Notifications aren’t as easy to manage in iOS. It’s weird you have to pull the notification shade ALL the way down before you see if anything is in there. On Android notifications are bottom-aligned as you start to pull down the shade, so you see them immediately. Also the lack of little notification icons at the top of the screen. I often times swipe down my notification shade on my iPhone and am surprised to see there’s stuff in there. I’ve completely missed notifications until after they stopped being relevant. That said, the settings for per-app customization of notifications is a lot more clear on iOS than Android.

I do wish I could have a widget on the homescreen with a Google Keep app. Having it off to the side isn’t bad, though. Speaking of Google Keep, I find myself shying back to using mostly Google apps. Apple Maps isn’t as good as Google Maps (from experience before this), so the fact that the Apple Calendar app links to Apple Maps exclusively means that I won’t be using the Apple Calendar app.

The gesture-based UI took a bit of getting used to, but I’m there now. The lack of a “back” button hasn’t been an issue. Only one time in my week with iOS have I went “wait, how do I get back to where I just was?“. The iPhone will sometimes use the top-left corner to go back. In fact, sometimes you can see the name of what you’re going to go back to on it.

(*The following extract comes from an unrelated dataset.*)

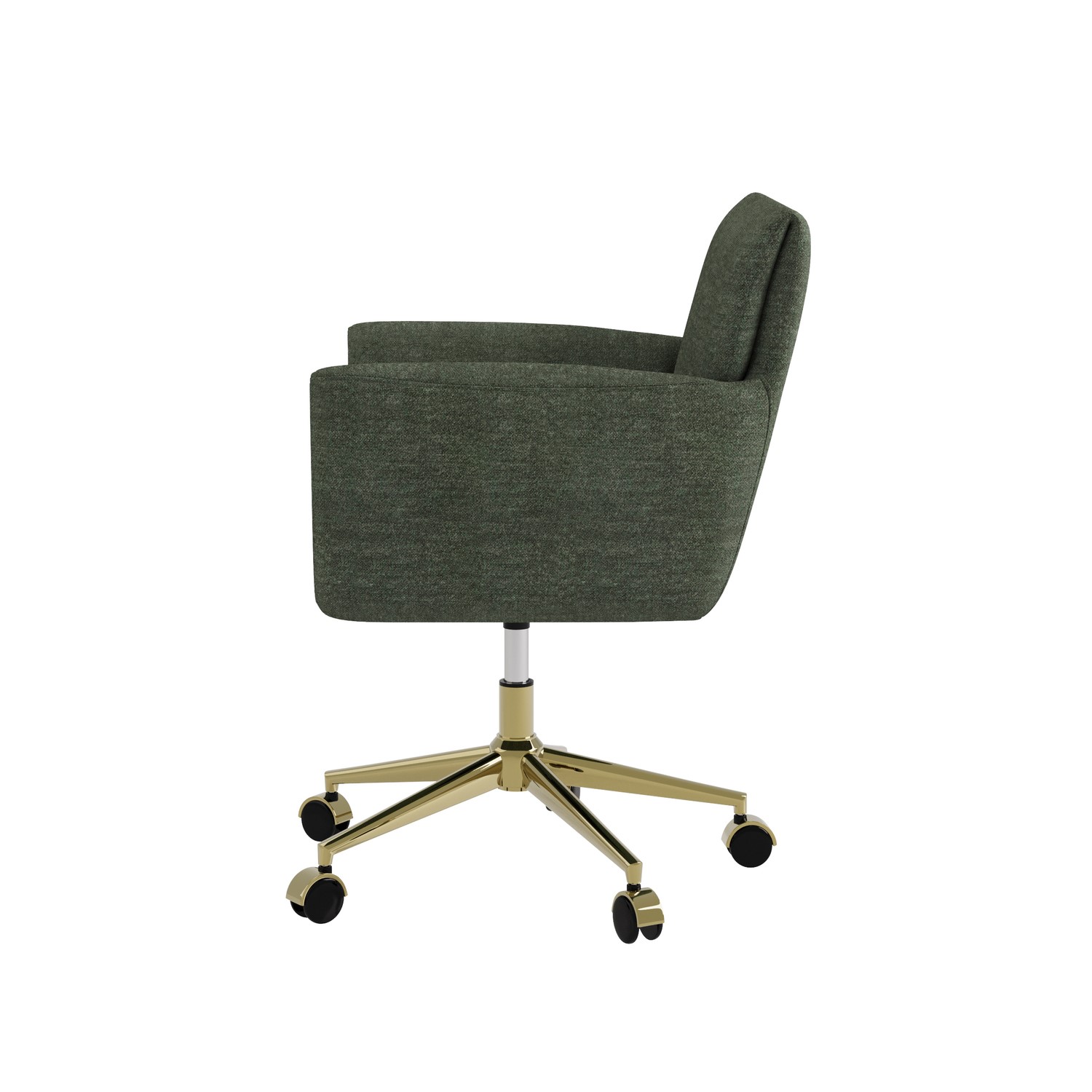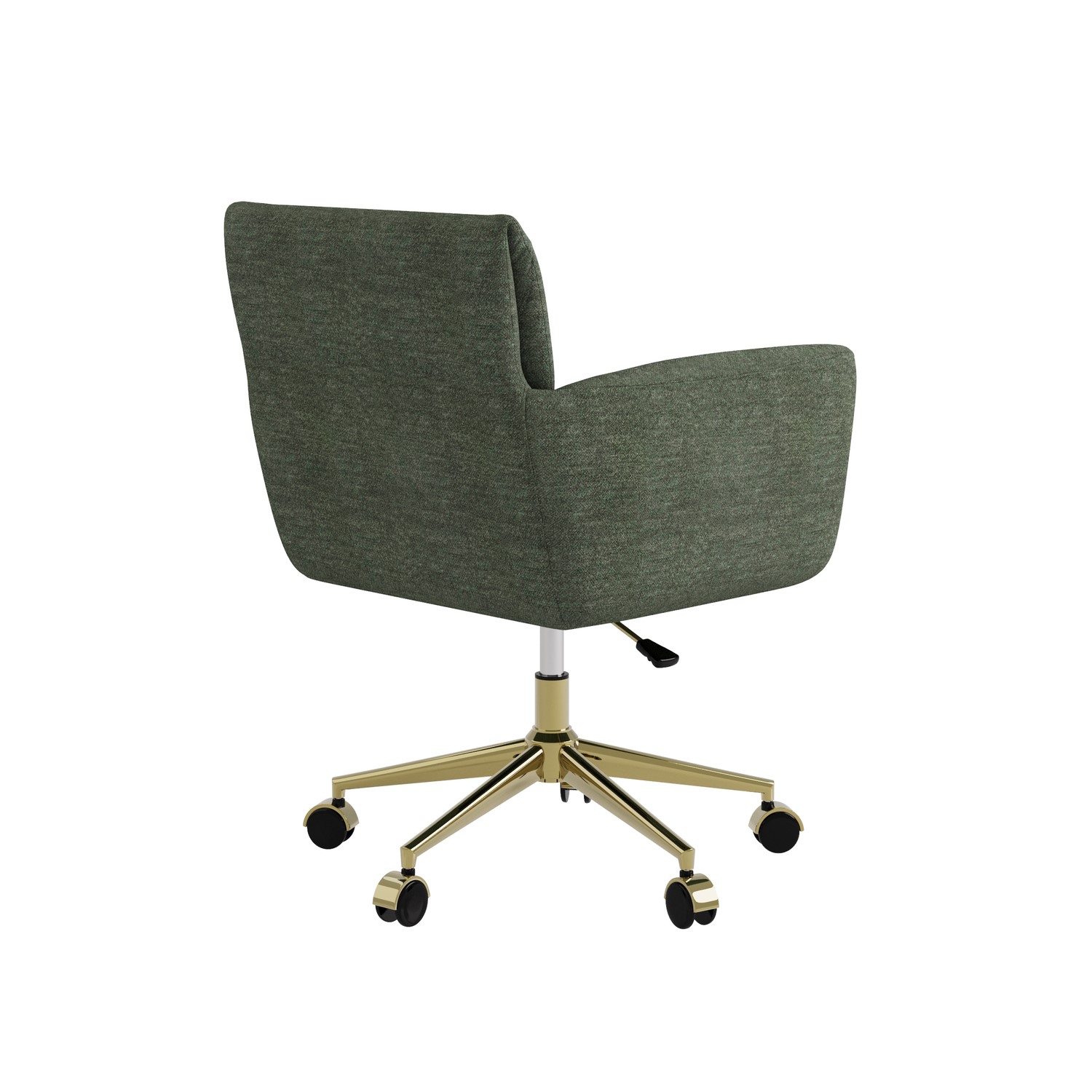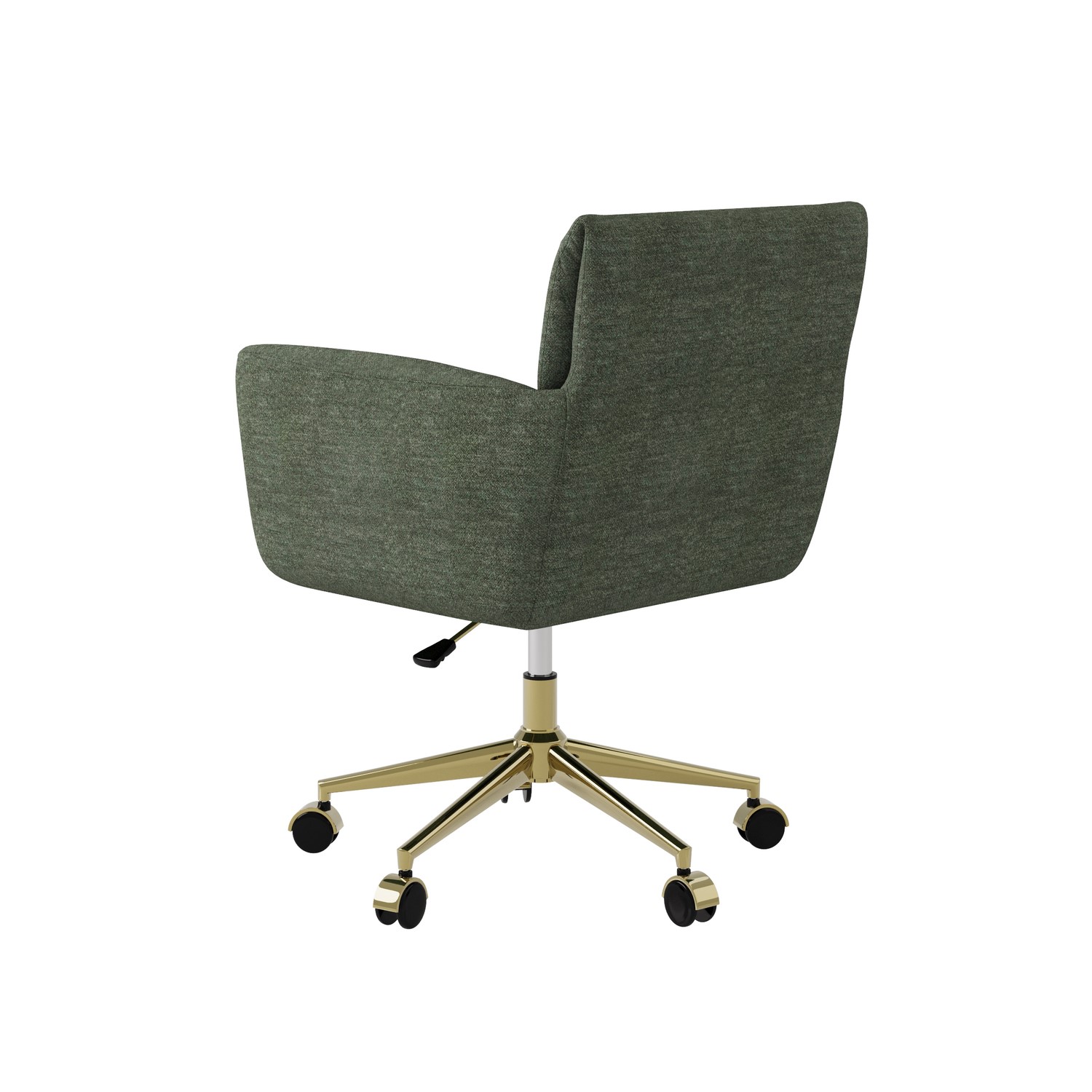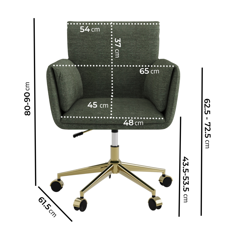 The Reed green chenille office chair is the perfect blend of style, comfort, and functionality, making it an ideal addition to your office or dressing room. Upholstered in soft, green chenille fabric, this chair offers a neutral and versatile look that can easily complement a variety of spaces. The ergonomic design provides excellent back support, ensuring comfort during long working hours. With a tall backrest, adjustable height, and armrests, it offers full support for improved posture. The gold legs and castors add a touch of elegance, while the swivel mechanism ensures easy mobility. Whether used in a home office, workspace, or dressing room, this office chair brings both style and comfort to any setting.

The lack of a headphone jack is a bummer. Especially since the aforementioned cats immediately ate the lightning headphones.

The two gripes I just mentioned would have equally applied to Google’s new Pixel phones, by the way. They also use gesture-based UIs and lack headphone jacks.

More thoughts will come.

Top 5: Surprising Things I Learned about the iPhone
5. Apps that exist on both Android and iOS don’t necessarily look or behave the exact same.
4. Apple Health can pull in medical records from some places. I can see my prescriptions and stuff as recorded in the past.
3. The LastPass integration is crazy good. I already mentioned that, but it was surprising and awesome.
2. Apple now lets you uninstall a LOT of the stuff they pre-install. This wasn’t always the case.
1. The “Measure” app is a thing… and it’s crazy. You can take pretty good approximate measurements of stuff in the physical world using your phone’s camera.

Quote:
“Does it have a button that calls NASA on that thing?”